### TASK INSTRUCTIONS
Take the entries below and reproduce exactly the portion that begins at the line containing "08/09/2025 César Vaca" and ends at the line containing "КП Панорамный - это", keeping both ends, dropping pictures, and adding nothing else.

### TASK INPUTS
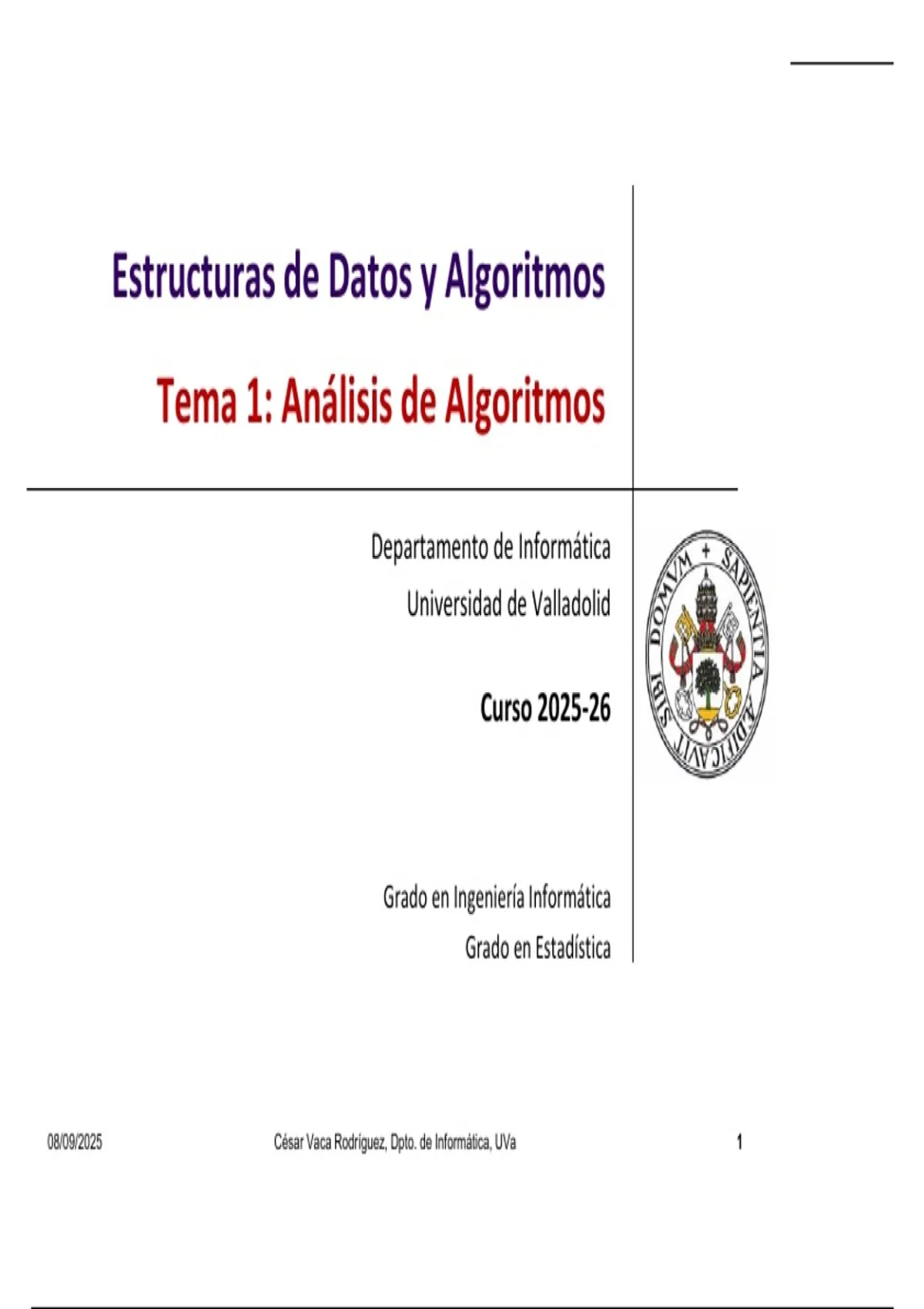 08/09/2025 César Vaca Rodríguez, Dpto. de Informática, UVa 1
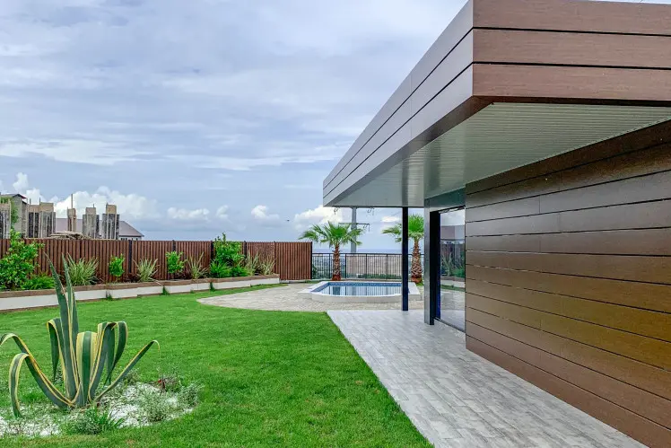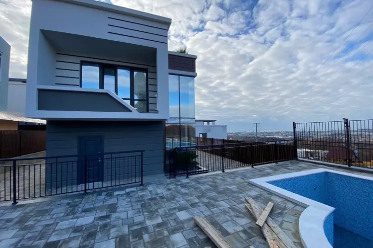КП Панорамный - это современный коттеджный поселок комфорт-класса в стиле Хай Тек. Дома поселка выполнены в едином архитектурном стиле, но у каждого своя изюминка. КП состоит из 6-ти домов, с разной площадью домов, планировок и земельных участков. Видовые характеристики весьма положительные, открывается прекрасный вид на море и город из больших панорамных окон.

==

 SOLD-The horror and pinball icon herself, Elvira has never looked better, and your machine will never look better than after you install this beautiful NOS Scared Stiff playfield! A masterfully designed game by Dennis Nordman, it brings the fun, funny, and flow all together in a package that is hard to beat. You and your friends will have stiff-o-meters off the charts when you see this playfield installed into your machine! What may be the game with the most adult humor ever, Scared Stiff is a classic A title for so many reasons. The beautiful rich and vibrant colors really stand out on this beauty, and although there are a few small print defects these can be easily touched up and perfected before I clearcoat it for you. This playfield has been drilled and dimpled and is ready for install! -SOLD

### EXERCISE OUTPUT
 08/09/2025 César Vaca Rodríguez, Dpto. de Informática, UVa 1
КП Панорамный - это современный коттеджный поселок комфорт-класса в стиле Хай Тек. Дома поселка выполнены в едином архитектурном стиле, но у каждого своя изюминка. КП состоит из 6-ти домов, с разной площадью домов, планировок и земельных участков. Видовые характеристики весьма положительные, открывается прекрасный вид на море и город из больших панорамных окон.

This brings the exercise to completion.